What to do:
Print only the lines from the top of the data through the line with "PALLET OF ROVE", both included, skipping every picture.

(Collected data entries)
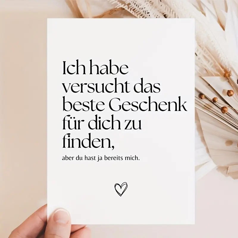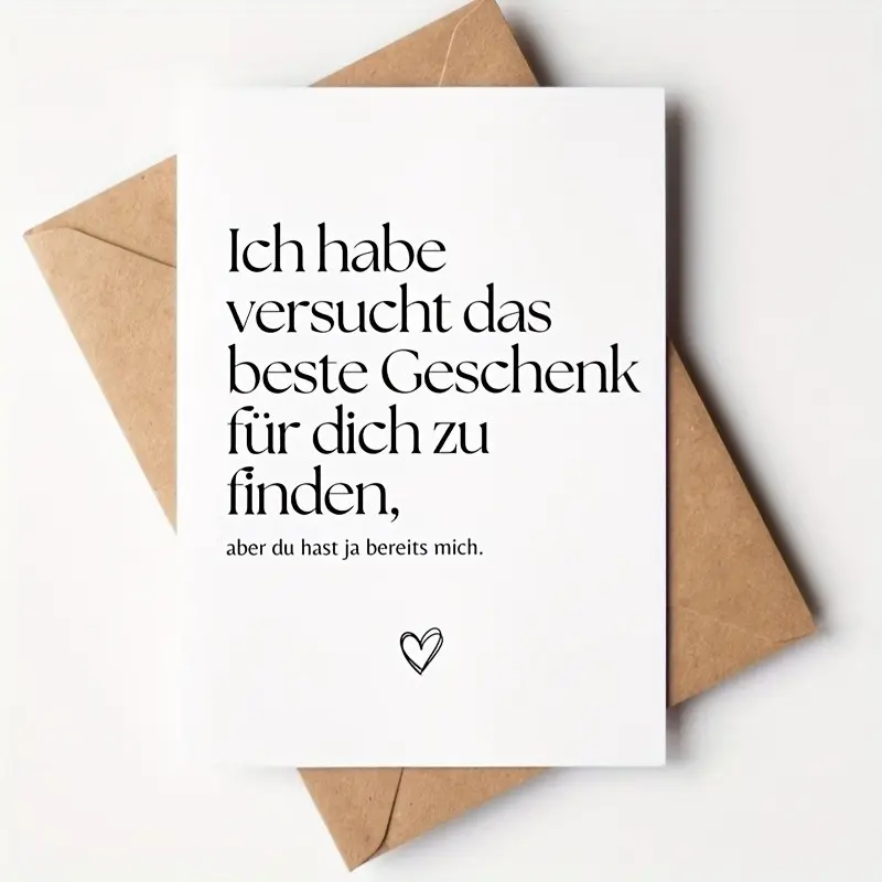 【Humorous Messages】: Features funny German love quotes like "I'm the best gift" for a playful touch.
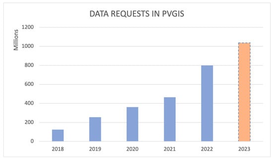 The PVGIS already has a 20-year successful track record. Additionally, its use has significantly grown in 2022, with 6 million unique users and almost 800 million hits, which represents an 85% and 72% increase, respectively, over 2021. Figure 6 shows the progress in terms of unique users from 2018, the moment from which statistics started to be collected.
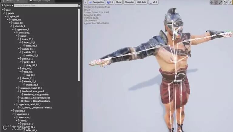 支持Epic IK骨骼标准并带有用于手持武器动画的附加“手骨”,以及用于运动控制的“根IK”骨骼。
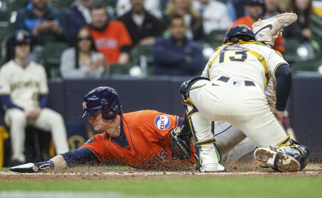 The Astros led 1-0 and had runners on third and second with one out in the fifth when Peña hit a bouncer to third. The throw home beat Dezenzo to the plate. Home plate umpire Chris Conroy initially ruled Dezenzo out, but the Astros challenged the call and replays showed the runner slid home ahead of Haase’s tag.
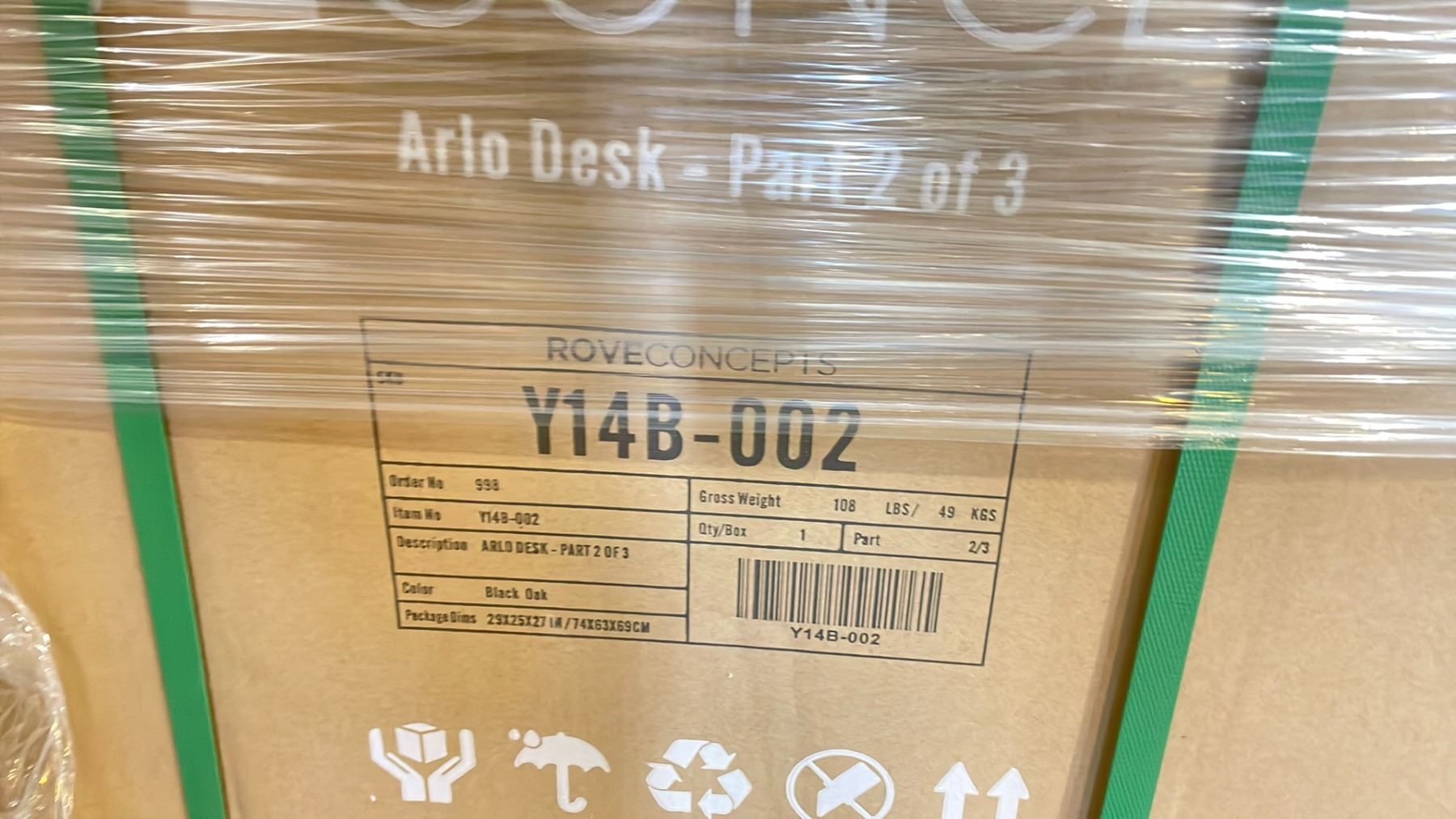 PALLET OF ROVE CONCEPTS DESIGNER ASSORTED ARLO DESK PARTS & SHELVING UNIT *IN BOX* *MUST TAKE ALL ON PALLET*
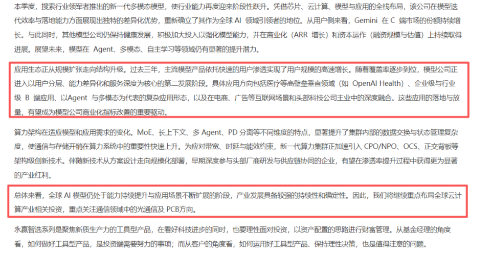 在四季度,他观察到模型在Agent、多模态、自主学习等领域仍有提升潜力。同时,应用生态正从规模扩张走向结构升级。也就是说全球AI模型仍处于能力持续提升与应用场景不断扩展的阶段。
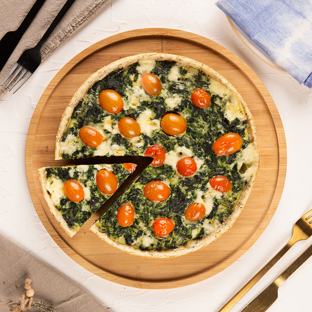 • En un bol mezclamos la espinaca cortada en tiras finas, la cebolla de verdeo, el puerro, el queso rallado, la fécula, los huevos, la crema y los daditos de queso fresco.  Condimentamos.

Result of the exercise:
 【Humorous Messages】: Features funny German love quotes like "I'm the best gift" for a playful touch.
 The PVGIS already has a 20-year successful track record. Additionally, its use has significantly grown in 2022, with 6 million unique users and almost 800 million hits, which represents an 85% and 72% increase, respectively, over 2021. Figure 6 shows the progress in terms of unique users from 2018, the moment from which statistics started to be collected.
 支持Epic IK骨骼标准并带有用于手持武器动画的附加“手骨”,以及用于运动控制的“根IK”骨骼。
 The Astros led 1-0 and had runners on third and second with one out in the fifth when Peña hit a bouncer to third. The throw home beat Dezenzo to the plate. Home plate umpire Chris Conroy initially ruled Dezenzo out, but the Astros challenged the call and replays showed the runner slid home ahead of Haase’s tag.
 PALLET OF ROVE CONCEPTS DESIGNER ASSORTED ARLO DESK PARTS & SHELVING UNIT *IN BOX* *MUST TAKE ALL ON PALLET*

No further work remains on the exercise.